* **Data provided**:
= Beginning of Section =

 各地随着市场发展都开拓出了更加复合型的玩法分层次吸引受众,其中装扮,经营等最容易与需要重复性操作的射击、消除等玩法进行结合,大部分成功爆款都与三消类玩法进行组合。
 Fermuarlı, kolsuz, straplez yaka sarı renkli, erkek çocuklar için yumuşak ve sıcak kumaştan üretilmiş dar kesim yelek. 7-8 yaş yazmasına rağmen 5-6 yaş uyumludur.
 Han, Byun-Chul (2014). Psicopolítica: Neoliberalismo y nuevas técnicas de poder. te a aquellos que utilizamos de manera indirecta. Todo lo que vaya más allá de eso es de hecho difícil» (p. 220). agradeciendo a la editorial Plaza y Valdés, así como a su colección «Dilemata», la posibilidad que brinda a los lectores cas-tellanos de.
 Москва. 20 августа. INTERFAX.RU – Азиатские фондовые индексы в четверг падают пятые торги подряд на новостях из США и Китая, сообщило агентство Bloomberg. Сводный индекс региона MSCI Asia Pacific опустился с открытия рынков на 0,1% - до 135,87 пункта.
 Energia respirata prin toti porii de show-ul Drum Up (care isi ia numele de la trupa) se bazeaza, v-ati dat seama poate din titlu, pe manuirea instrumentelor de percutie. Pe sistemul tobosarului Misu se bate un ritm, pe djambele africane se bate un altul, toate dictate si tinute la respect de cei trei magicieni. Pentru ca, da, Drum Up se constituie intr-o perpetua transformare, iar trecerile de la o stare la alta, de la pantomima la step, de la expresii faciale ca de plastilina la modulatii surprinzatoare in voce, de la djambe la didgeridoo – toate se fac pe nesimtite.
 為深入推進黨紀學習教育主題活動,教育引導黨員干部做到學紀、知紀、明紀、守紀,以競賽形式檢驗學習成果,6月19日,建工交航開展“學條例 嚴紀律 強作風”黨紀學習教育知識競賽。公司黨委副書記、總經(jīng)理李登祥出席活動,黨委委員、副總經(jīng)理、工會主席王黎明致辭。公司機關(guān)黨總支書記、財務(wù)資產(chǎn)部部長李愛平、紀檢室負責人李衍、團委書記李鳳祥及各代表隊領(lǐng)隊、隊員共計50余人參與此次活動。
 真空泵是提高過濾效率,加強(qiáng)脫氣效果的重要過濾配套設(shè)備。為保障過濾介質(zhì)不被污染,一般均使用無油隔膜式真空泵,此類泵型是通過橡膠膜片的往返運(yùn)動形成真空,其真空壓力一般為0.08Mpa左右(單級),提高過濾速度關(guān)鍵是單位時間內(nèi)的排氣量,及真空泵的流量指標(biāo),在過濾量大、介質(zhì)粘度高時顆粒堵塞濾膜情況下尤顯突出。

= End of Section =

* **Your goal**:
Looking at the records above, return exactly the lines from the line with "Han, Byun-Chul (2014)." to the line with "Energia respirata prin", both ends included.

* **Finished exercise**:
 Han, Byun-Chul (2014). Psicopolítica: Neoliberalismo y nuevas técnicas de poder. te a aquellos que utilizamos de manera indirecta. Todo lo que vaya más allá de eso es de hecho difícil» (p. 220). agradeciendo a la editorial Plaza y Valdés, así como a su colección «Dilemata», la posibilidad que brinda a los lectores cas-tellanos de.
 Москва. 20 августа. INTERFAX.RU – Азиатские фондовые индексы в четверг падают пятые торги подряд на новостях из США и Китая, сообщило агентство Bloomberg. Сводный индекс региона MSCI Asia Pacific опустился с открытия рынков на 0,1% - до 135,87 пункта.
 Energia respirata prin toti porii de show-ul Drum Up (care isi ia numele de la trupa) se bazeaza, v-ati dat seama poate din titlu, pe manuirea instrumentelor de percutie. Pe sistemul tobosarului Misu se bate un ritm, pe djambele africane se bate un altul, toate dictate si tinute la respect de cei trei magicieni. Pentru ca, da, Drum Up se constituie intr-o perpetua transformare, iar trecerile de la o stare la alta, de la pantomima la step, de la expresii faciale ca de plastilina la modulatii surprinzatoare in voce, de la djambe la didgeridoo – toate se fac pe nesimtite.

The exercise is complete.